Degradation of ferritin (XII): Two different processes can result in the degradation of ferritin. (XII.1) Degradation by the 20s proteasome enzymatic system, which recognizes and degrades oxidized ferritin. (XII.2) Degradation by lysosome enzymes in a secondary lysosome. Ferritin finds its way into the secondary lysosome by either autophagocytosis (XII.2.1) or by targeting of ferritin to the secondary lysosome (XII.2.2). The latter can lead to haemosiderin and eventually siderosome formation.
Nuclear ferritin (XIII): Ferritin is also found in the nucleus. The ferritin in the nucleus consists of cytosolic H-subunit rich ferritins that are translocated back to the nucleus from the pool of apoferritin (VII) where these ferritins can form stable complexes with the DNA.
Mitochondrial ferritin (XV): Mitochondrial ferritin contains 24 identical subunits transcribed from a different gene than that for the cytosolic H-subunit and L-subunit (XIV). Upon transcription and translation the mitochondrial ferritin subunit polypeptide is translocated into the matrix of the mitochondria (XV.1). This is followed by the cleavage of the signal sequence and folding of the mitochondrial ferritin subunit (XV.2). Typical hollow spherical ferritin shells containing 24 subunits are then assembled from these subunits (XV.3). Cytosolic iron from the labile iron pool (III) transverses the double membrane of the mitochondria followed by sequestration by mitochondrial ferritin (XV.4).

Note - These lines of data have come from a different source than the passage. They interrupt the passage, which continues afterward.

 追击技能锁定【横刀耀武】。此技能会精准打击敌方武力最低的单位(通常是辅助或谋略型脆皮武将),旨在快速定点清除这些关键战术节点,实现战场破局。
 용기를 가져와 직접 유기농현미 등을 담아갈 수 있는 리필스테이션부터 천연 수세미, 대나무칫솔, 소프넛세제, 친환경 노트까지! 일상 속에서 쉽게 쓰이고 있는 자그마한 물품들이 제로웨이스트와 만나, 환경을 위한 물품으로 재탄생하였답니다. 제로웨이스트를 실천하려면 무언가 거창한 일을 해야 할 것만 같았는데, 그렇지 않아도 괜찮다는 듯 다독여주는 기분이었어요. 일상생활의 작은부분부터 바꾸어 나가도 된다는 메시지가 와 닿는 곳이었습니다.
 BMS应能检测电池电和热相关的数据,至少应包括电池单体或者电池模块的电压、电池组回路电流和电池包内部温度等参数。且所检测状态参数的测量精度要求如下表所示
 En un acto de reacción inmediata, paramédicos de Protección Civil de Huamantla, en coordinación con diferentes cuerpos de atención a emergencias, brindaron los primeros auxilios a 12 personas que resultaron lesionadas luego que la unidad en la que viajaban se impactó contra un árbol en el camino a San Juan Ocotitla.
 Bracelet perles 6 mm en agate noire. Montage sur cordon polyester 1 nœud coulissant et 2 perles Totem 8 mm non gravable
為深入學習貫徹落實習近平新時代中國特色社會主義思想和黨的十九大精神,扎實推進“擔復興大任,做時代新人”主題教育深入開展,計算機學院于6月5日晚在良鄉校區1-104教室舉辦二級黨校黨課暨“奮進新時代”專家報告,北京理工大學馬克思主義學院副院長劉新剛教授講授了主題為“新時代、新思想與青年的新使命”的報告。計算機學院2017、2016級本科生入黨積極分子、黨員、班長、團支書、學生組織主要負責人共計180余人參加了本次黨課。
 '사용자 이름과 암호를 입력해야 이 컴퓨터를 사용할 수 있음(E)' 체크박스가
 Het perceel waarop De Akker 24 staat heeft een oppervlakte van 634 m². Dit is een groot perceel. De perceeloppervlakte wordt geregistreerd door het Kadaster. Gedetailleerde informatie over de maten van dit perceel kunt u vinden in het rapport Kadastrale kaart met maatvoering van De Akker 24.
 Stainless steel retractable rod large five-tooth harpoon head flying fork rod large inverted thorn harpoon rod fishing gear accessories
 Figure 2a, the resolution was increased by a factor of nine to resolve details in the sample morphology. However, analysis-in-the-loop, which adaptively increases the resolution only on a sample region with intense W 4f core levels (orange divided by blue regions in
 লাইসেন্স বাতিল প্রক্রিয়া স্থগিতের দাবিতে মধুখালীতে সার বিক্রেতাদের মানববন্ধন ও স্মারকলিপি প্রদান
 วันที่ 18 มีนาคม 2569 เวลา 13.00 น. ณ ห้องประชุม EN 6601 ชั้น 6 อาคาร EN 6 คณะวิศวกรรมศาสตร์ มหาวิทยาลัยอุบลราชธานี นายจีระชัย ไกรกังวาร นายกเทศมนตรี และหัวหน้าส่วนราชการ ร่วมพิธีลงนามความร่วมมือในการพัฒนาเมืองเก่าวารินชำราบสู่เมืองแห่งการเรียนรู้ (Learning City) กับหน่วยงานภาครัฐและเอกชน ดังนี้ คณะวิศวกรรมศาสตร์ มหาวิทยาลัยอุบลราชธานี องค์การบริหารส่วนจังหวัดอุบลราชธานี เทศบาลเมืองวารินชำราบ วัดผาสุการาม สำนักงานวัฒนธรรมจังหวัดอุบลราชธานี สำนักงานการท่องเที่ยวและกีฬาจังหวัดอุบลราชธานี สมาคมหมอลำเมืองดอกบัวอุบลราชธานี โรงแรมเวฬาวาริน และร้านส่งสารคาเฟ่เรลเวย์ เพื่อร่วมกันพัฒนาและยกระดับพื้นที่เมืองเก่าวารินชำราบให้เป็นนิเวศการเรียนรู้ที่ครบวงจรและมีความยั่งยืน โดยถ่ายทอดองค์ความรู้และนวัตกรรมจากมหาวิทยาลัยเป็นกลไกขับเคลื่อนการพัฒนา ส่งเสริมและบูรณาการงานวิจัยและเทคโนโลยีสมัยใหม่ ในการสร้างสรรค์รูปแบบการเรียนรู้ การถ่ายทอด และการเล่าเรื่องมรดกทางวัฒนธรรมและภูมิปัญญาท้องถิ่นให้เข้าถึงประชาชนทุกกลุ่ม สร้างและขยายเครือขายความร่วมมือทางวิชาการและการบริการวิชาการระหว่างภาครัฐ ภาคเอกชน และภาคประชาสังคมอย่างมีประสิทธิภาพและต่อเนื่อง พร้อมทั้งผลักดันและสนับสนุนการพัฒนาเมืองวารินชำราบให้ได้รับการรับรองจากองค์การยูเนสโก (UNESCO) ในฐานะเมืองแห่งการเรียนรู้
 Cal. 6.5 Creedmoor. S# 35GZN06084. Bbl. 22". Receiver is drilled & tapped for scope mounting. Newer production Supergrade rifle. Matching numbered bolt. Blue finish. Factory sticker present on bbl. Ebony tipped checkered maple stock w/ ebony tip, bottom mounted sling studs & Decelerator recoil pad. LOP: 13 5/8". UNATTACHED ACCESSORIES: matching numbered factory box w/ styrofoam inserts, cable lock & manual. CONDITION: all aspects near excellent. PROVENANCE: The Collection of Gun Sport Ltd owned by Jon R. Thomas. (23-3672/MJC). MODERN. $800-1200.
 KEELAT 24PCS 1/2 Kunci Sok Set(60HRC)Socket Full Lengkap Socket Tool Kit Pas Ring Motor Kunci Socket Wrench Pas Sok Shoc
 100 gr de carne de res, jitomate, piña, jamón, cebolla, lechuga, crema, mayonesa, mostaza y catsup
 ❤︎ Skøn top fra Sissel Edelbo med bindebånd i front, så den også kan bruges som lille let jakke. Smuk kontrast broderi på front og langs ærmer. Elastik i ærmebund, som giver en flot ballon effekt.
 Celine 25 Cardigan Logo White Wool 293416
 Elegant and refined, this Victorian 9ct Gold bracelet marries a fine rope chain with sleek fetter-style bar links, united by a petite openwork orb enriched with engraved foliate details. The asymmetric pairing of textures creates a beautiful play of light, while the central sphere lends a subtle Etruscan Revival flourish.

Processes involved in cellular iron acquisition (XVI–XVIII): (XVI) The transferrin receptor binds transferrin and is endocytosed. Upon acidification of the endosome iron is released into the labile iron pool (III). (XVII) The ferritin receptor binds ferritin and is endocytosed. Ferritin is degraded in a secondary lysosome and the released iron joins the labile iron pool (III). (XVIII) Red blood cells are phagocytosed followed by degradation and the release of heme iron by heme oxygenase. The released iron joins the labile iron pool (III).